OAuth is short for “Open Authorization” and it is an open standard for user management. Anyone can use the OAuth protocols and frameworks. You can find OAuth services available via small WordPress plugins and also large multinational companies.
For example, when you sign up for an app it may offer the chance to login using Google, Facebook, Microsoft, or other accounts. There's a good chance that those connections are powered by OAuth. The best thing thing about this connections is that OAuth won't share your password details. When you use OAuth to connect, you are only giving that service limited data and access to your account.
In this guide, I'll introduce to some types of WordPress OAuth plugins and integrations available for your WordPress site.
WordPress OAuth and Facebook / Google / Twitter
There's a whole category of OAuth plugins that allow users to login to your WordPress website using Facebook, Google, Twitter or other accounts.
A good example of this is the Nextend Social Login plugin. Your visitors can register on your site using their profile on a social media site. This saves them time because they don't need to fill out the default registration form or wait for validation emails. And going forward, it's one less username and password for them to keep track of. It is OAuth that is connecting your website to Facebook, Twitter or other services.
WordPress OAuth and Single-Sign On
Another category of WordPress OAuth plugins are those that connect to Single-Sign On (SSO) services.
An example of this type of SSO plugin is from Mini Orange. This plugin connects your WordPress site to Azure, Office 365, Amazon Web Services, Clever, Okta, and more. If you have all your users registered with one of these services, you can allow them to log in to your WordPress site.
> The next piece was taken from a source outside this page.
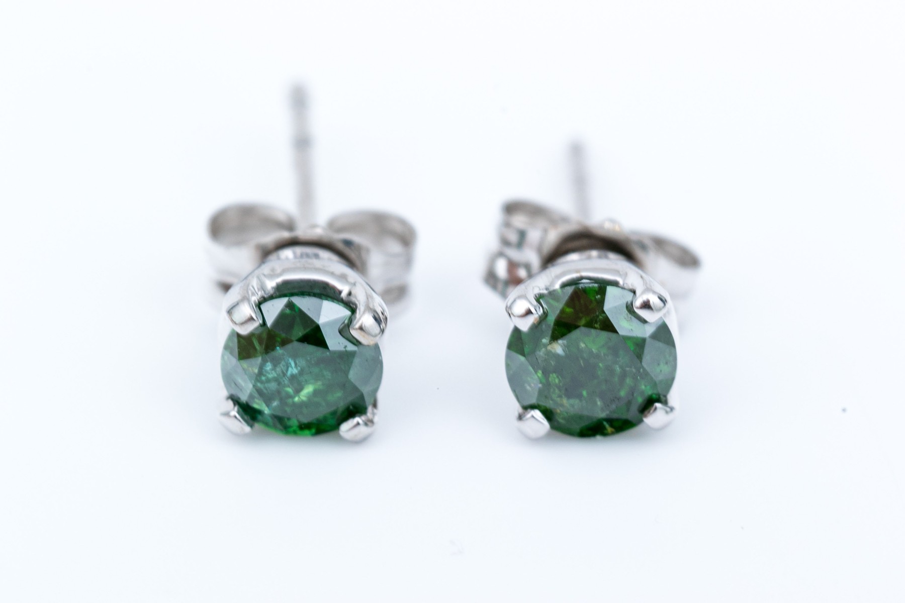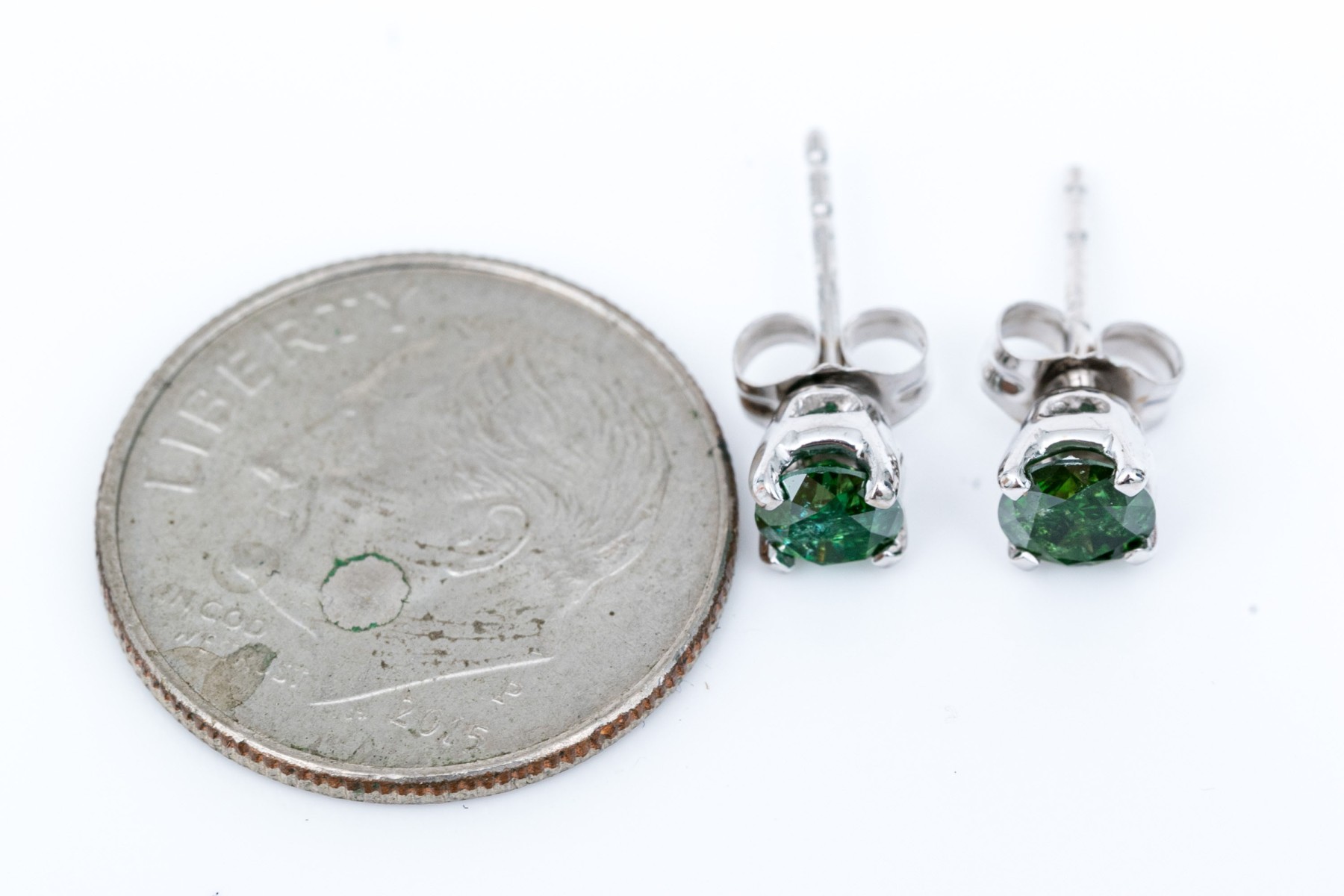 10k white gold pretty green moissanite stud earrings, finished with post and clutch style backs

A popular example of this is when a company runs on Google Apps. Everyone already has a company GMail account, so it makes sense to connect that service to your WordPress site. Your users can login to Google and WordPress with the same credentials.
WordPress OAuth and Email
A third class of WordPress OAuth plugin is the email service. For example, the Gmail SMTP plugin uses OAuth so you can send email via Gmail. The connection for this kind of service still uses OAuth, but it is often a little more involved. For example, with Google you can't just login using your Gmail credentials, but you also need to create a project in Google Developers Console. These extra steps are required to prevent spammers from abusing the email sending platforms.